The 23-metre-high tower made of 3D-printed columns is to become a cultural site in Mulegns, a village on the Julier Pass with just 16 inhabitants. The structure is being planned by ETH architects and engineers. Construction is scheduled to start in spring 2022 with robots printing the tower’s components on site.
The village of Mulegns is located on the Julier Pass road and has just 16 inhabitants. The aim of the project is to bring in culture and revitalise the area. This plan is the brainchild of Giovanni Netzer, theatre director and founder of the Origen cultural festival. To this end, his foundation had an old villa relocated, reopened a hotel and is now having a tower printed using white concrete.
Interior view foyer of the White Tower Mulegns. Image credit: Hansmeyer/Dillenburger)
Digital building technology in a mountain village
The White Tower was designed and planned by ETH Professor Benjamin Dillenburger and Michael Hansmeyer from the Digital Building Technologies research group, together with the Origen foundation. Today, the foundation presented the project in Mulegns for the first time. Swiss President Guy Parmelin was also in attendance during the presentation of the project.
The tower is 23 metres in height, and consists mainly of organically shaped, 3D-printed white concrete columns. They support four floors that are each between four and eight metres high. Right at the top, they form a dome and surround a stage where theatre plays, dance performances and concerts will be held.
The project is a fascinating blend of culture and science. ETH aims to use this collaboration to strengthen the association between culture, research and technology development, says Detlef Günther, Vice President for Research at ETH Zurich. “Because new knowledge often emerges where various disciplines meet.”
The White Tower will have a prominent position on the Julier Pass, and is intended to be visually reminiscent of the Grisons confectionery tradition.
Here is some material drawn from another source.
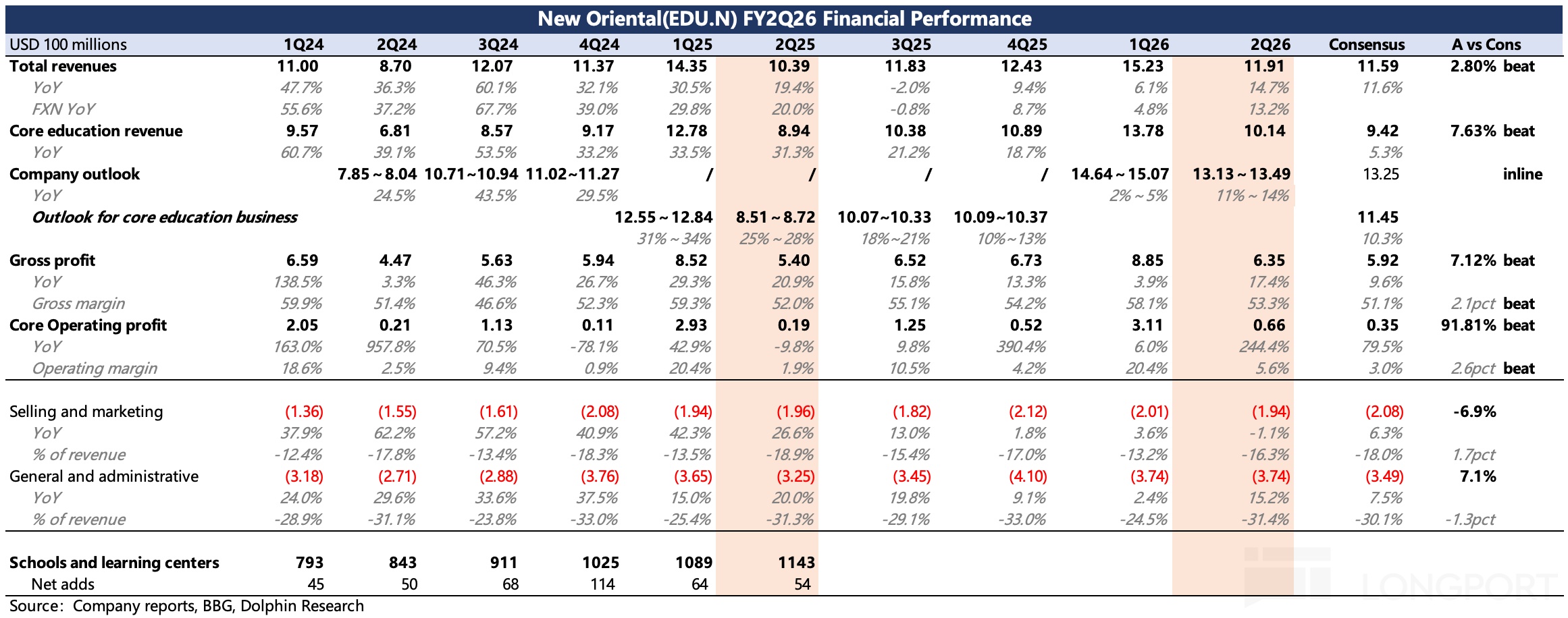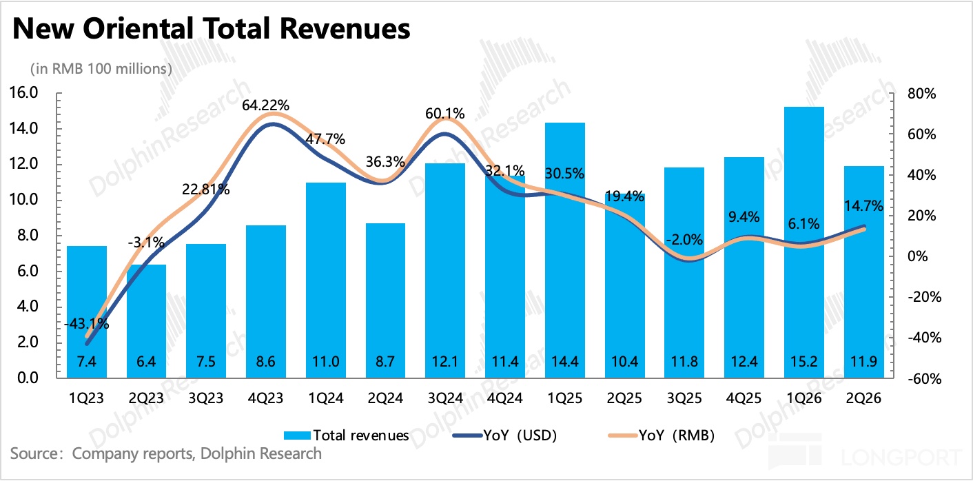 $新东方(EDU.US) 北京时间 1 月 28 日美股盘前发布了 2026 财年第二季度的业绩,对应的是自然年下 2025 年 9 月至 2025 年 11 月秋季学期的经营情况。

Large numbers of Grisons emigrants made a name for themselves as pâtissiers in Europe’s capital cities in the 18th century, with their elaborately decorated creations of small, delicate sugar towers.
Four ETH professorships involved
The tower will be distinctive not only from an artistic perspective, but also in terms of its construction, as it will be one of the tallest 3D-printed, robot-built structures ever. Alongside Benjamin Dillenburger, three other ETH professors from the National Centre of Competence in Research (NCCR) Digital Fabrication are involved in the development process: Robert Flatt is working on the mixing of concrete – the “ink” for the 3D printer, so to speak – while Walter Kaufmann is responsible for the structural integrity and the connections of the printed concrete elements, and Andreas Wieser’s area is metrology and inspection.
The 3D printing approach to construction allows complex geometries to be produced, and for the concrete to be used exactly where it is needed for the load-bearing structure. The structure will also need less raw materials overall, as no formwork is needed.
Watching the robot at work
If everything goes according to plan, a public construction site will be set up in April 2022, and everyone will be able to watch as a robot applies the white concrete layer by layer. This robot will need just two hours for a three-metre-high column. And the process of dismantling has also already been planned: the concrete elements can all be taken apart, and the tower can theoretically be rebuilt at another location.
ETH and the Origen foundation already worked together back in 2019, when digitally printed concrete columns were used to create a stage set for dance and theatre performances in the gardens of the Villa Carisch in Riom.